In court recently, in a failed bid on behalf of The Globe and CTV to unseal the documents, Mr. McConchie argued that a ban on reporting the material "would be profound at a crucial time in the electoral process."

He told court the ban interferes "with the rights of voters who should have access to the most complete information available . . . pertaining to the most important democratic duty which most Canadians will undertake in their lives: their choice as to who will govern them."

As we have seen with the recent release of the sensational Gomery material, which was briefly suppressed by a publication ban, voters want to know and need to know about any allegations of scandal in the political arena.

B.C. voters will eventually know what Mr. McConchie and others learned when they took the vow of secrecy and read the file.
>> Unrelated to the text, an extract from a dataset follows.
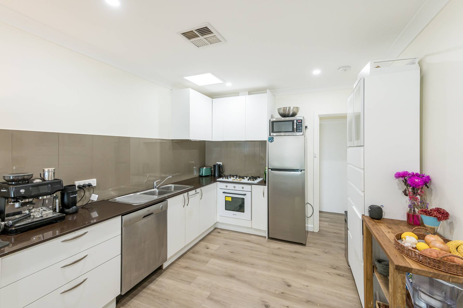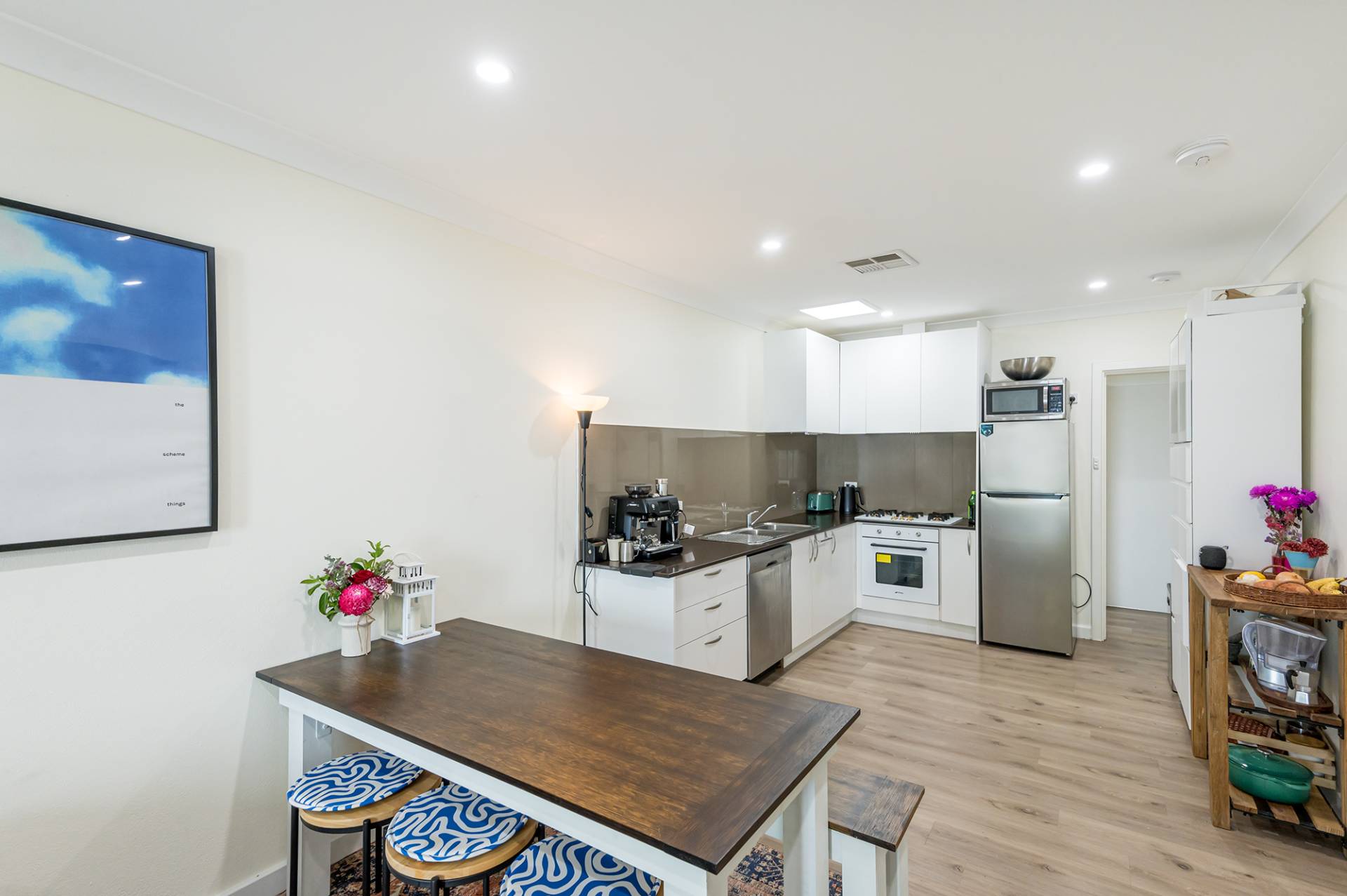 As you enter, you're greeted by the open plan layout, offering ample space for relaxation and entertaining. The modern kitchen is designed with functionality in mind, boasting plentiful counter space and storage options, ensuring every culinary tool and ingredient has its place. Whether you're a seasoned chef or just discovering your passion for cooking, this kitchen will inspire your inner gourmet.

But by then it could be too late. The court doesn't sit again on the legislative-raid case until May 30, 2005 -- 13 days after voters go to the polls.

mhume@globeandmail.ca

_______________________________________________________________________________________________________

How many B.C. elections and how many federal elections have we had, since the Legislature raids?
_______________________________________________________________________________________________________

Comments:
Glenn Clark got a bit of a shafting. Somebody tried to buy him for some work done as a guy down the block. The guy kept asking for favours but got none. Years ago I built a deck for a just graduated architect. Anything odd? I think not but then again neither of us were politicans.
 
Here's a comment by one of my favourites. Whenever "Bailey" writes, I pay attention. This is what he said on 5 November in The Tyee:

Commentor: Bailey


I don't seem to be hearing much about some of the more interesting elements of this [Legislature Raids] case.

The bribery. the $800,000+ in real estate on a $65,000 salary. The fact that some of that real estate at least was used for a grow op. The transfer of money to the federal Liberal party.

The question for me isn't 'was some corporation offering bribes and finding politicians willing to take them?' That stuff is just too ordinary. Tacky, really.

The good questions for me are, Was our provincial goverment running dope houses? What exact relationship do they have with the Hells Angels and the Mafia? Where exactly did all that money, claimed to be for false memberships, come from and ultimately go? What's the Maui connection?

Remember? The first cabinet meeting to deal with this raid was held in Maui. Extraordinary stuff. In light of the Accenture/Enron stuff, I really do want answers to these questions, and good ones too.

But of course, there was no business for a fall session this year, so there's nobody to ask.
 
I try hard to keep this blog on a non-partisan basis.

But we often hear that Gordon Campbell and his BC Liberals "swept to power in 2001," as it says in this excellent Mark Hume column, too.

Doesn't anyone remember the then-premier NDP Ujjal Dosanjh who, 2 weeks before Election Day 2001, publicly announced that the NDP wouldn't win and that he was virtually giving up? Remember that? Who the heck would vote for a loser?

It was an appalling moment in political history and 1,001 epithets spring to mind.

But that the Liberals "swept to power" because of their own virtues? No, that isn't one of the epithets I'd ever use.